A New Haven Pharmaceuticals study has shown that its “Durlaza” extended release aspirin capsules can deliver sustained antiplatelet control for a 24-hour period in diabetic patients. The data was released during a poster presentation at the American Heart Association (AHA)’s Scientific Sessions event in Orlando, USA.
According to New Haven, this 162.5mg aspirin capsule is the first prescription, low dose, extended-release (162.5mg), aspirin product for the secondary prevention of stroke and acute cardiac events, including myocardial infarction.
“The DURATION trial was the first study to characterise the durability of platelet inhibition from Dularza (162.5mg), the first extended-release, low-dose aspirin, in this prothrombotic patient population. The primary endpoint of this study was the change in platelet aggregation between 1 hour and 24 hours post-dosing. In the DURATION study, there was no change in mean platelet aggregation at any time in that 23 hour time interval following dosing of (162.5mg) DURLAZA. These data demonstrate the maintenance of stable platelet inhibition over the entire 24 hour dosing interval,” says Paul Gurbel, director of the Inova Center for Thrombosis Research and Drug Development and Director of Interventional Cardiology and Cardiovascular Medicine Research at Inova Heart and Vascular Institute, professor of medicine, Johns Hopkins University, USA and adjunct professor of medicine, Duke University, USA.
In an open-label, single-centre study, high-risk patients with type II diabetes with a history of CV disease (or multiple CV risk factors) were treated daily with Dulaza for 14 days +/- 4 days. The assessment concluded that the new, extended-release orally administered aspirin formulation provided sustained antiplatelet effects over 24 hours in patients with a favourable safety profile.

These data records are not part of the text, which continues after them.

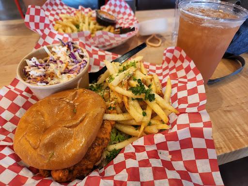 Read moreFirst time visiting this restaurant. Friday afternoon lunch. Wasn't too busy. We ordered almost right away and received our food at the table within about 5 minutes. The staff was very pleasant and helpful. The location was a slightly rebadged version of the previous chain that was here. It was nice and clean. Felt a little like a cafeteria. My sandwich, which is called the Citybird, was available as a meal, which I ordered. Thr fries were good and seasoned well but could have been cooked a bit longer. The sandwich has a great sauce, and the pickles had good flavor. The brioche bun was fresh. The slaw was very good but was piled too high. When I picked up the sandwich off the plate, 2/3 of it fell off. There was no sporks so I couldn't eat that. The featured sandwich was a bit of a letdown for me. I figured it was a full chicken breast for the price, but it turned out to be 3 small tenders. With that said though, the chicken was tasty, hot, and had a good flavor to it. If I return, which is possible, I would probably just get a tenders meal and skip the bread. All in all a good meal, it just left a little...
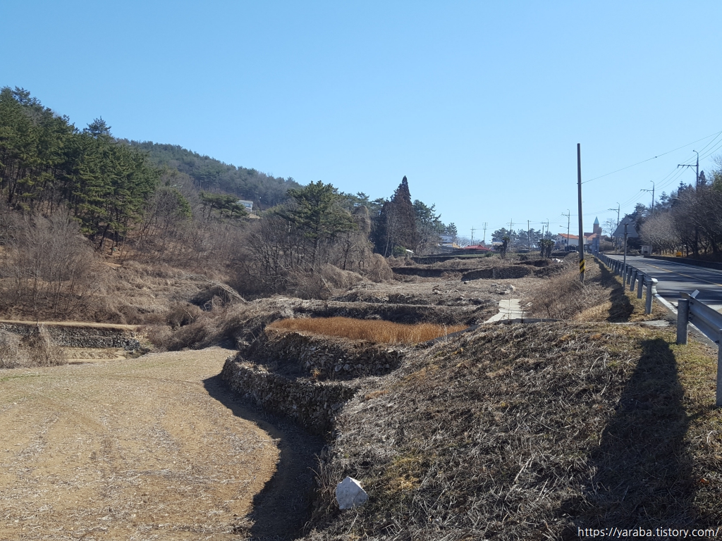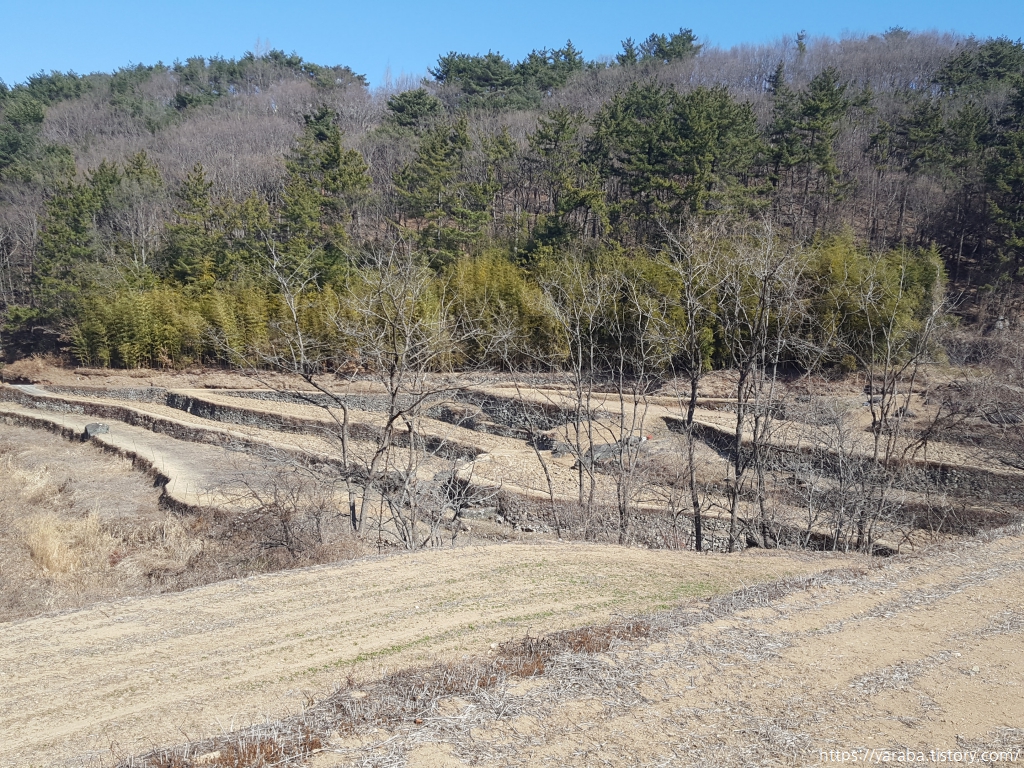 독일로 도로를 따라 내려가는 길, 바로 우측 계곡으로는 다랭이 논들이 이어진다. 지금은 녹음이 조금씩 기지개를 켜고 있지만 다랭이논을 보면 산비탈을 깎고 돌담을 쌓으며 가족들의 생계를 위해 온 정성을 쏟아부었을 선조들의 땀이 절로 그려진다.
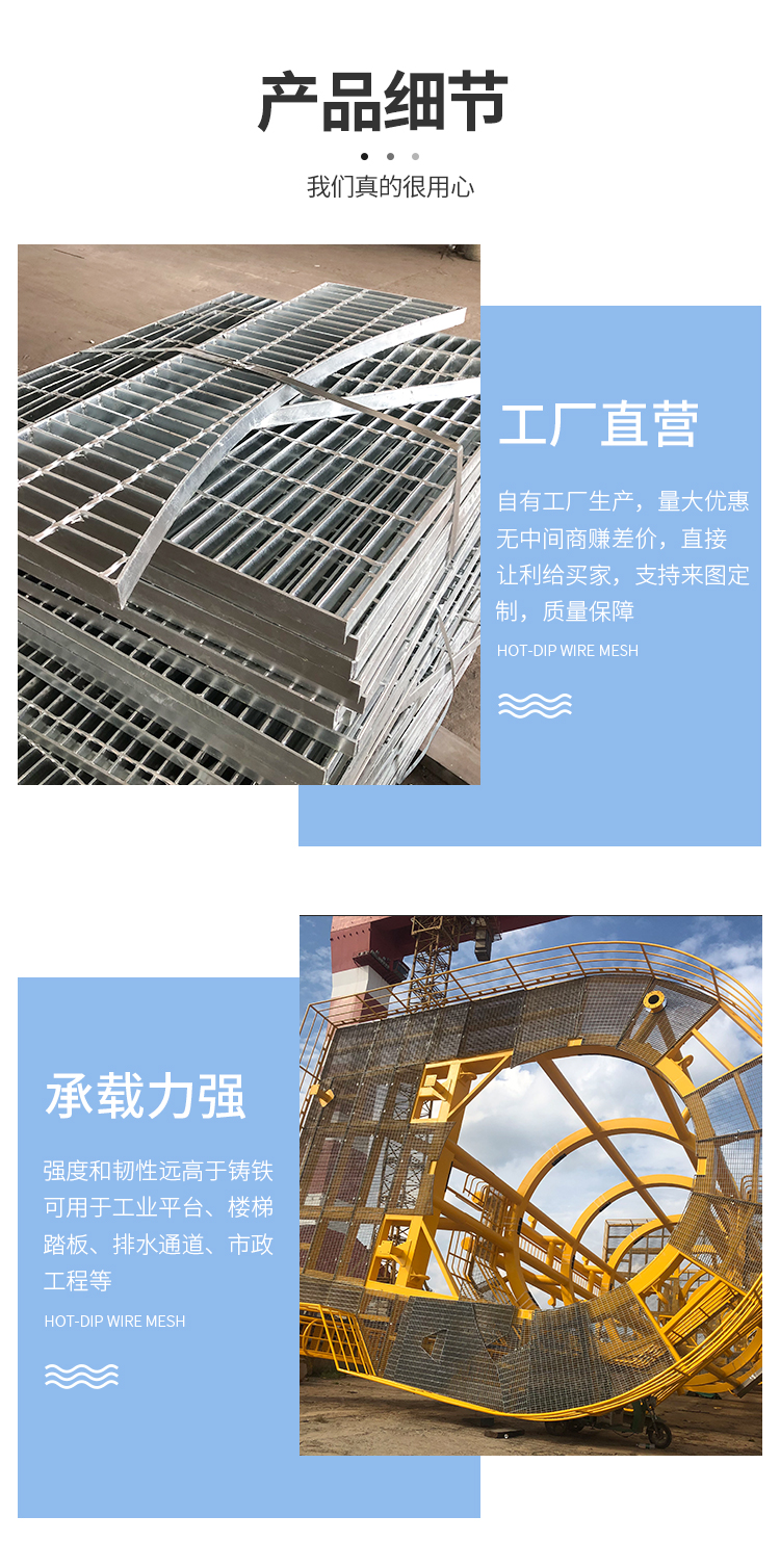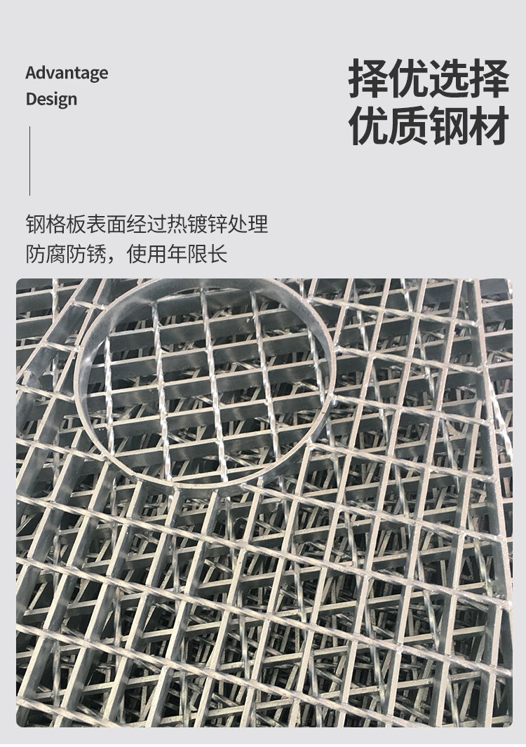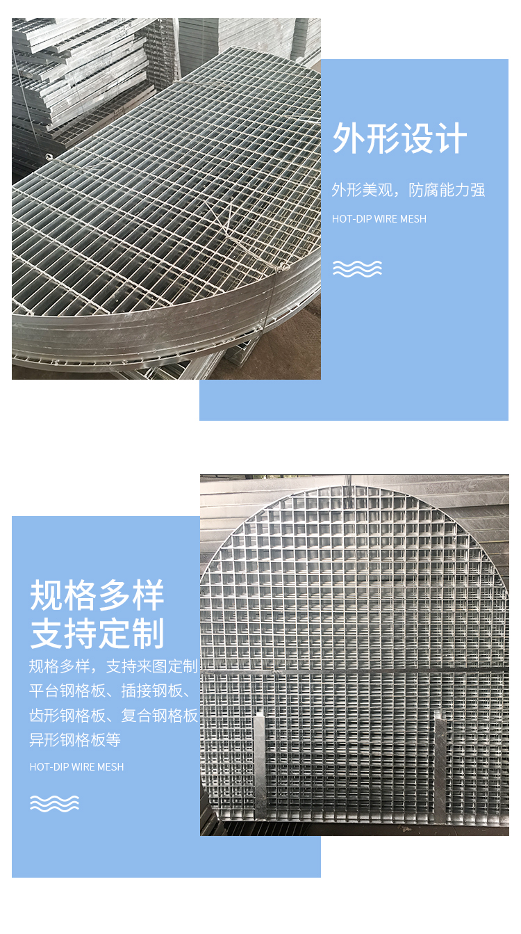 产品简介:格栅板是用扁钢按照一定的间距和横杆进行交叉排列,并且焊接成中间带有方形格子的一种钢铁制品,主要用来做水沟盖板,钢结构平台板,钢梯的踏步板等,横杆一般采用经过扭绞的方钢。钢格栅板一般采用碳钢制作,外表热镀锌,可以起到防止氧化的作用。也可以采用不锈钢制作.钢格栅板具有通风,采光,散热,防滑,防爆等性能。1.强度高,自重轻;2.防腐能力强,经久耐用;3.外形美观,表面亮泽;4.不积污物,不积雨雪,不积水,自清洁,易于维护;5.通风,采光,散热,防滑,防爆性好;6.便于安装及折卸 。

“We know that immediate release aspirin has an unacceptably short half-life of approximately 20 minutes. Certain populations such as those with underlying vascular disease and diabetic patients are known to have even higher platelet production rates, making them even more prone to persistent platelet-induced thrombotic vulnerability. As the DURATION study demonstrated in patients with diabetes, Durlaza addresses this issue through its novel release system. DURLAZA (162.5 mg) daily doses produce smoother and more prolonged anti-platelet effects. Durlaza has been approved for use in secondary prevention, and I will surely take advantage of this simple yet remarkable opportunity to better control a prominent risk in my ASCVD patients,” say Seth J. Baum, medical director of Women’s Preventive Cardiology, and Christine E. Lynn, Women’s Health & Wellness Institute, Boca Raton Regional Hospital, USA.